In [3], Alkhawlani and Hussein proposed an intelligent RAT-selection algorithm for next generation wireless networks. The proposed algorithm uses a combined parallel fuzzy logic control and multi-criteria decision-making technique to select the most appropriate RAT for an incoming call in HWNs.
In [4], Zhang proposed a fuzzy multiple attribute decision-making (MADM) RAT-selection algorithm that uses fuzzy logic to represent imprecise information of some RAT-selection criteria. The fuzzy MADM method operates in two steps. The first step is to convert the imprecise fuzzy variables to crisp numbers. The second step is to use classical MADM technique to determine the ranking order of the candidate networks. The highest-ranking RAT is then selected for the call.
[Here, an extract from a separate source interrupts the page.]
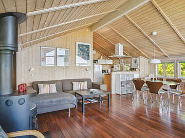 Indenfor i huset bydes I velkommen af en lys og åben atmosfære, hvor moderne møbler skaber en stilfuld og behagelig oase. Fra stuen til køkkenet og de tre hyggelige soveværelser er alt indrettet med tanke på jeres komfort og velvære. En brændeovn tilføjer en ekstra dimension af hygge, perfekt til kølige aftener eller tidlige morgener, når morgendisen stadig hænger over havet.

In [5], Xavier et al. presented a Markovian approach for RAT selection in an HWN. They developed an analytical model for a RAT-selection algorithm in an HWN comprising GSM/EGDE and UMTS. The proposed algorithm selects just one RAT for each incoming call.
In [6], Guo et al. proposed a RAT selection algorithm that uses a fuzzy multiple objective decision-making technique to select the most suitable RAT for each incoming call in an HWN.
In [7], Wu and Sandrasegaran conducted a study of RAT selection algorithm in a heterogeneous UMTS-GSM network.
All the RAT-selection algorithms reviewed above were designed to select the most suitable RAT for just one incoming call in HWNs. None of the RAT-selection algorithms considered the problem of RAT selection for a group of calls (multiple calls) from a multimode terminal (MT) in HWNs.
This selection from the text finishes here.